**Your assignment:** Starting at the line that contains "(база_данных; поле; критерий)", write out every line through the end of the records exactly as it stands, and leave out all pictures.

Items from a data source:
=====
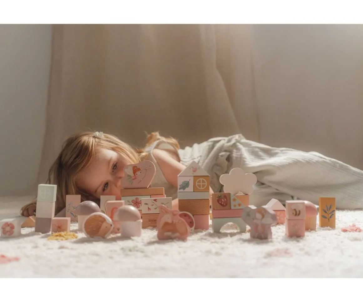 Construye un mundo de magia con hadas y los diferentes animales de la colección Fairy Garden de Little Dutch. El barril incluye 50 piezas para apilar, construir y crear un escenario de cuento de hadas.
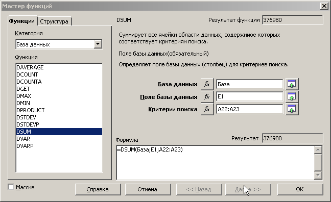 =Д-функция (база_данных; поле; критерий)
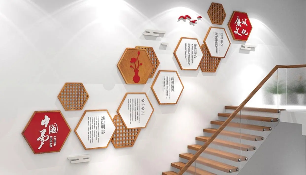 党建文化墙是党员活动、交流、学习的平台,楼梯文化墙的设计可以引导全民领悟党政文化精髓和精神品质。
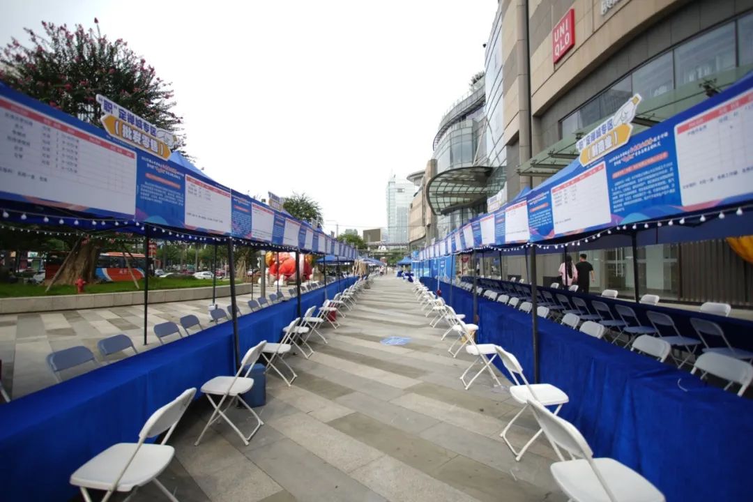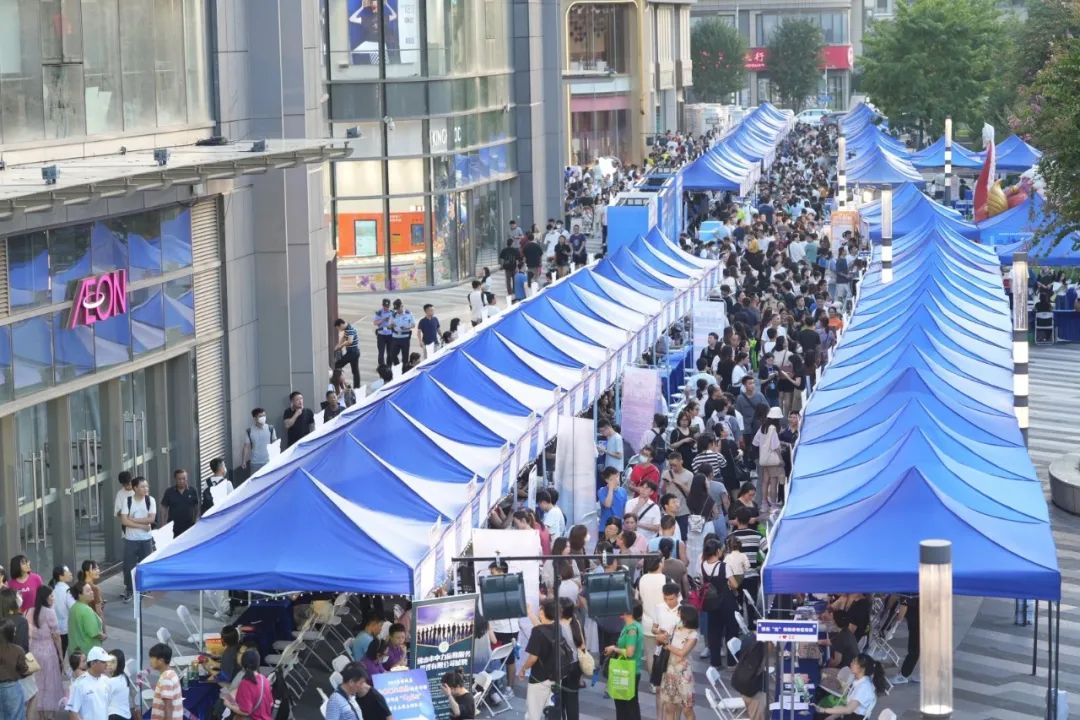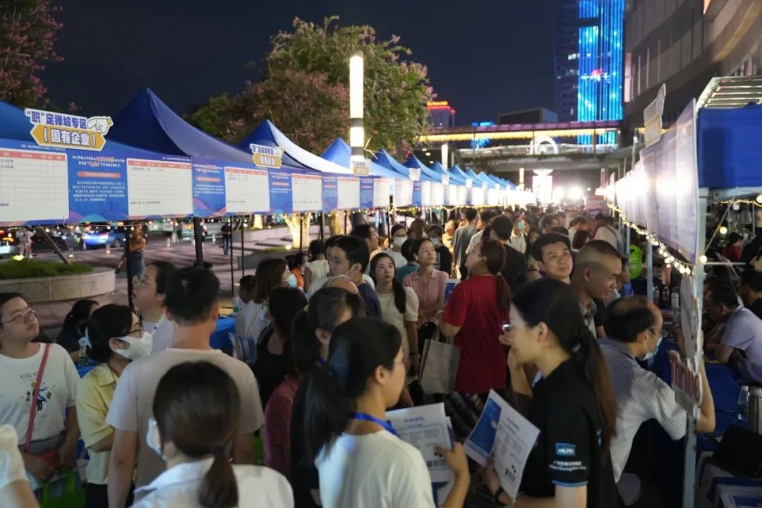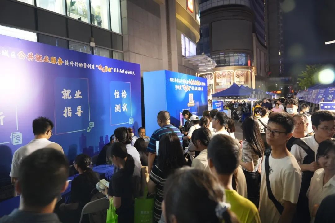 活动现场同步开展大型人才夜市招聘会活动,本次活动共有500家企业参与,提供8000余个岗位,吸引1万余人求职者驻足观看。现场开设三个专区,直播带岗专区、空中双选会专区、职业指导服务专区,为求职者提供全方位的政策解读服务、岗位介绍服务。
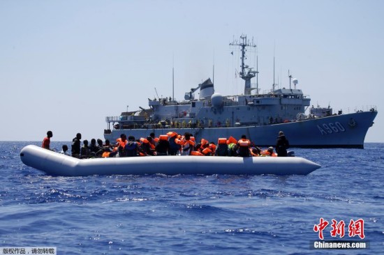 当地时间2015年6月23日,比利时海军军舰Godetia号在地中海靠近利比亚的沿岸救起数百名非法移民。
=====
**Task output:**
 =Д-функция (база_данных; поле; критерий)
 党建文化墙是党员活动、交流、学习的平台,楼梯文化墙的设计可以引导全民领悟党政文化精髓和精神品质。
 活动现场同步开展大型人才夜市招聘会活动,本次活动共有500家企业参与,提供8000余个岗位,吸引1万余人求职者驻足观看。现场开设三个专区,直播带岗专区、空中双选会专区、职业指导服务专区,为求职者提供全方位的政策解读服务、岗位介绍服务。
 当地时间2015年6月23日,比利时海军军舰Godetia号在地中海靠近利比亚的沿岸救起数百名非法移民。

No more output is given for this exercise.